Spine. Turning a book into voice, image, and conversation through AI.
About this project
This is a personal experiment built for my own reading. This case study focuses on the design idea, the multi-voice approach, and the build, not on specific book content.
Challenge
Single-voice audiobooks flatten the experience. Every character speaks in the same narrator's voice, illustrations live in a different app, and looking up an unfamiliar phrase means leaving the reader entirely. The challenge was building something closer to how readers actually want to experience a book: multiple voices, scene-level imagery, instant explainers, all in one place, and cheap enough to run on any book I owned.
Strategy
Treat the book as a structured script, not a wall of text. Each chapter is markdown with **[SPEAKER]** tags; each speaker maps to a TTS voice plus acting direction. The voice provider is pluggable: OpenAI's hosted catalog for the widest range of voices, or a local model like Chatterbox for cost-free, fully offline rendering. Run Whisper across the rendered audio for word-level karaoke sync. Use an LLM pass to detect scenes and generate illustrations on demand. Add a selection-based "explain" layer that opens an LLM chat about any phrase, and persist what was explained or imagined so it can be revisited with a click. Content-address every artifact so re-runs cost nothing.
Results
A working local audiobook reader with multi-voice TTS, word-level seek-on-click, per-scene illustrations, persistent highlights, and an LLM explain layer. A full novel (~120k words, ~80 scenes) renders end to end, with every step cached so iteration is free. The pipeline is generic enough to work on any book: swap the markdown script, the voice mappings, and the character sheets, and it produces a new audiobook.
The story
Spine started from a small frustration: I wanted to listen to a book and have characters sound like characters, see what a scene actually looked like, and pull up an explanation of a strange phrase without losing my place. The pieces existed separately (TTS, illustration models, LLM chat) but nothing wove them together into a reader.
The most interesting design move was treating voice as a per-character prompt, not just a voice selection. Each speaker in voices.json gets a voice plus acting direction: "weary, introspective, slightly raspy, slow deliberate pacing"; "practiced friendliness with subtly wrong rhythm, human words but alien prosody." Same TTS model, but the same voice can sound like a different character in a different mood depending on the instruction. The whole pipeline becomes a director's chair, not a button.

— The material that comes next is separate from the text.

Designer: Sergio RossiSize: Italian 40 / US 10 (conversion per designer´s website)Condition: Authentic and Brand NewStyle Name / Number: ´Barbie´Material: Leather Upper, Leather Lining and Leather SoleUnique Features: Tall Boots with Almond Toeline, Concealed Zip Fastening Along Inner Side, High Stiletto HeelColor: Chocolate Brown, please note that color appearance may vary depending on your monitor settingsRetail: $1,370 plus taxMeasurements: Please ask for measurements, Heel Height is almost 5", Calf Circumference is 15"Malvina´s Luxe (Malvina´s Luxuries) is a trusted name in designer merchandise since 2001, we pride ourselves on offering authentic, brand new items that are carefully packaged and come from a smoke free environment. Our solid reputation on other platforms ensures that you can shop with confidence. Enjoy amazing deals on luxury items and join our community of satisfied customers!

The second move was making illustrations feel like part of the prose rather than decoration. The LLM detects scene boundaries from the script, generates a single image prompt per scene, and the reader's sticky right column tracks the viewport so each scene's image surfaces when the corresponding text plays. Images are spoiler-locked behind audio playback. A consistent character sheet runs through every prompt so the same character is recognizable across scenes.
The third move was layering interactive reading on top. Select any prose to either get an LLM explainer (in-context for that passage, with follow-up chat) or to generate a custom image. Both leave a colored underline behind, so the book accumulates a quiet trail of what's been explored. Click a marked passage later and the cached explanation or image comes back instantly.

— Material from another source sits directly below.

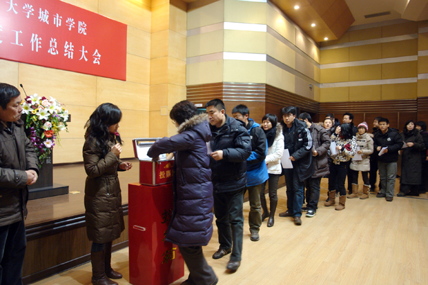 党校副校长尹世泽老师的主持下,全院民主测评代表和副教授以上教师以投票的方式对伟德

Spine is less about the specific output and more about what the build itself proves. Take a long-form medium that's been mostly static, treat it as a structured material, and you can produce something genuinely multimodal with a small set of generative AI APIs and a careful caching strategy. The hard part isn't the AI calls. It's deciding what reading should feel like.
Select highlights
- Defined and built Spine end to end as a personal experiment in multimodal reading.
- Designed per-character voice direction as prompts, not just voice picks, so one TTS catalog produces distinct characters.

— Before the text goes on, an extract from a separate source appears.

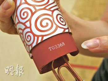 麥佩軒日前在朋友協(xié)助下拆開火炬,取走內(nèi)里的燃料,發(fā)現(xiàn)該火炬刻有編號“3368”,她說:“這是不少人心中的幸運號碼,希望可借此再推高成交價!

- Built a multi-pass pipeline: parse → cues → render → word-sync → scenes → on-demand image gen, all content-addressed cached.
- Designed a reader with karaoke-style word sync, sticky scene illustrations, and selection-based Explain and Generate-image actions.
- Built a per-voice audition UI so character voices and acting direction could be tuned iteratively before committing to a full render.
- Architected the TTS layer as a pluggable provider so the same script renders through OpenAI's hosted voices or a local model like Chatterbox, depending on cost, privacy, and voice-catalog needs.